Honest opinion I’ve only seen them on tornados here’s my original paint with the decal.


----------



## vincev (Dec 16, 2018)

I am not an expert but I think the decals were replaced.Seems like a lot of the white pinstripe is covered by the decal on the horn side.


----------



## island schwinn (Dec 16, 2018)

They seem to have the speedlines. I agree they may have been replaced.


----------



## GTs58 (Dec 16, 2018)

After looking at 10,000 different Phantom pictures I've noticed 4 different style tank decals including the first year's model before the change. None that I saw had the speed lines and the S's on some were similar like on Bob's 54 here. Some with that style S did not have the tail at the last N and some did. Some had a completely different style S and no tail on the N. What a nightmare.  
Now check out the tank decal detailing on all three images in the 1955 paint chart. How many styles do you see?  

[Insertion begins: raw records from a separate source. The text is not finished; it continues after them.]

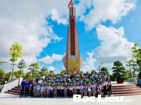 Đoàn đã đến Nghĩa trang liệt sĩ tỉnh (huyện Hòa Bình) làm lễ dâng hoa và thắp hương tưởng nhớ, tri ân các anh hùng liệt sĩ đã anh dũng hy sinh vì sự nghiệp đấu tranh giải phóng dân tộc, xây dựng và bảo vệ Tổ quốc. Mặc niệm dưới cột cờ Tổ quốc uy nghiêm và xúc động trước dòng chữ “Tổ quốc ghi công”, các em học sinh càng hiểu hơn rằng, để non sông, đất nước Việt Nam được độc lập, thống nhất, tươi đẹp và rạng rỡ như ngày hôm nay, công lao của bao thế hệ đi trước là vô cùng to lớn! Còn tại Di tích lịch sử Nọc Nạng (TX. Giá Rai), các em được nghe giới thiệu về địa danh Nọc Nạng, về gia đình nông dân Mười Chức và sự kiện Nọc Nạng - sự kiện tiêu biểu cho tinh thần quả cảm của người nông dân đã tạo tiếng vang lớn đối với phong trào đòi lại ruộng đất của nông dân Nam Bộ.
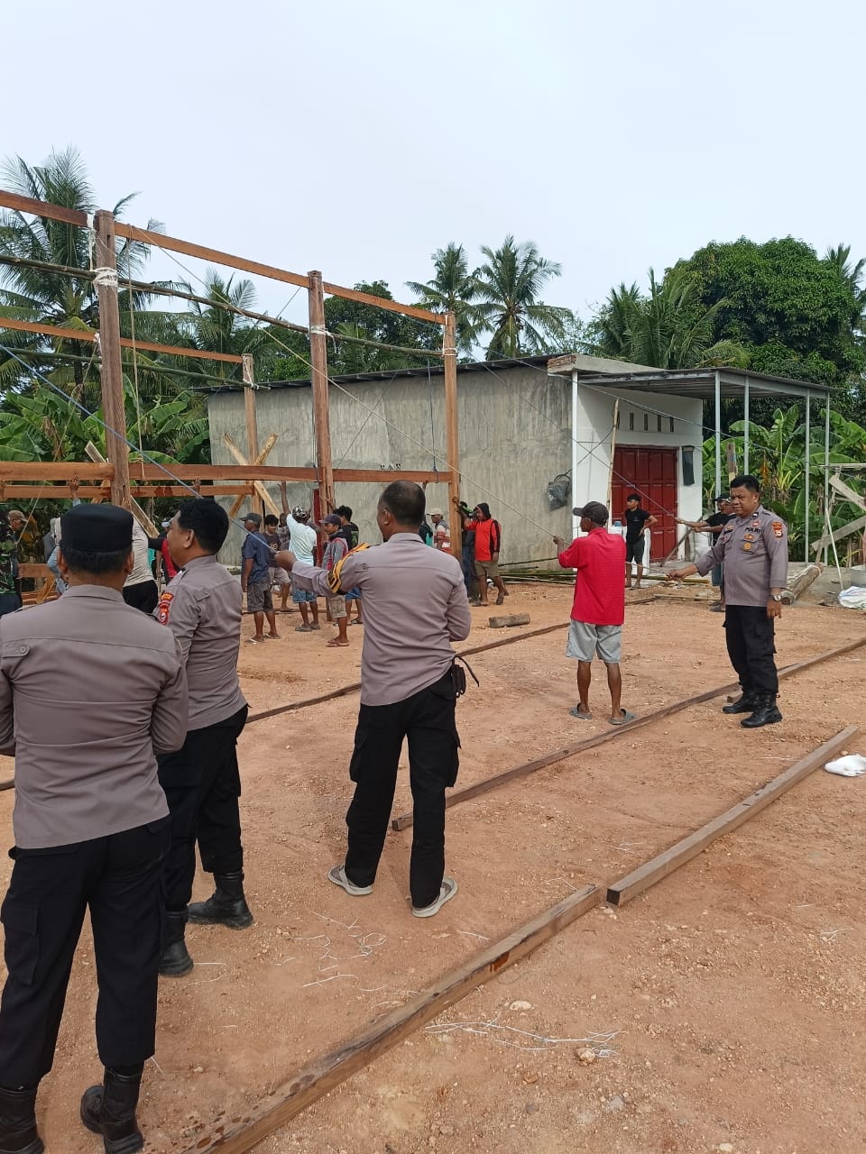 Kegiatan sosial tersebut dilakukan untuk membantu salah satu warga dalam proses pendirian rumah panggung. Kehadiran Kapolsek dan jajaran disambut antusias oleh masyarakat yang bersama-sama bergotong royong menyelesaikan pekerjaan.
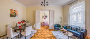KISÁLLATTAL IS KÖLTÖZHETŐ, 88 négyzetméteres, nappali plusz 2 hálószobás, elegáns lakás kkiadó a Hercegprímás utcában, közvetlen a Bazilika közelében. Az ingatlan a társasház 4.emeletén található, lift van. Az ablakok a csendes, belső udvarra nézne. A fűtést gázkazán biztosítja, a lakás klimatizált.

Many of the bikes that I viewed that still had a visible decal were repainted or had repainted tanks and new decals. One Opal Green bike was sold here and it was said to have original paint. The Cabe member that purchased it then tried to resell it here later and that is when others informed him that the tank has been repainted,  and obviously redecaled. We all know paint does not stick to chrome all that well so how many of these Phantoms have been messed with, especially the tanks?  Say you have a nice original paint Phantom and the tank paint is falling off. Lets do a tank repaint to bring it up to the paint condition that's on the frame.
If that Phantom decal with the speed lines is in fact original to the tank, then I would have to assume that they F'd up at the Factory when they changed the decaling installation process from the new 58 Tornado tanks to the 58 Phantom tanks.


----------



## crazyhawk (Dec 17, 2018)

here's what I found on the cabe.  Both original '58's.View attachment 920593
View attachment 920595


----------



## crazyhawk (Dec 17, 2018)

Yes, I guess that decal must've been redone.  Thanks for helping me figure it out.


----------



## GTs58 (May 12, 2019)

Thanks for not giving up on this issue! With that new for sale listing of the Candy Apple Red 1958 Phantom, I decided to further my research just a little. You finally figured out the correct year of your Phantom and the serial number was stamped late October 1958. On this Candy Apple Phantom the serial number was stamped on 10/30/58 ----- K809073 ------ K832274. This piece was another late model year production. Now taking into consideration that the date of the serial is not the production date, but the date the serial was stamped on the bikes component before it was used to build a frame. These Phantoms with the Tornado tank decals could have been the last 58 Phantoms to have actually been built. I learned a few things from keeping the Corvette 5 speed Registry and a couple of those things was Schwinn built certain models in batches and the normal model year change over most always started with the bikes wearing a November serial number. The different models did not have a continuous daily, weekly or monthly production and in the case of the 5 speed Corvettes there were months with no production. The Tornado was introduced for dealer sales before Christmas 1957, but those were not tank models. The 58 Deluxe Tornado with tank came about later in 1958 and I'm not sure if the decal used on the Tornado was specific to just the Tornado. 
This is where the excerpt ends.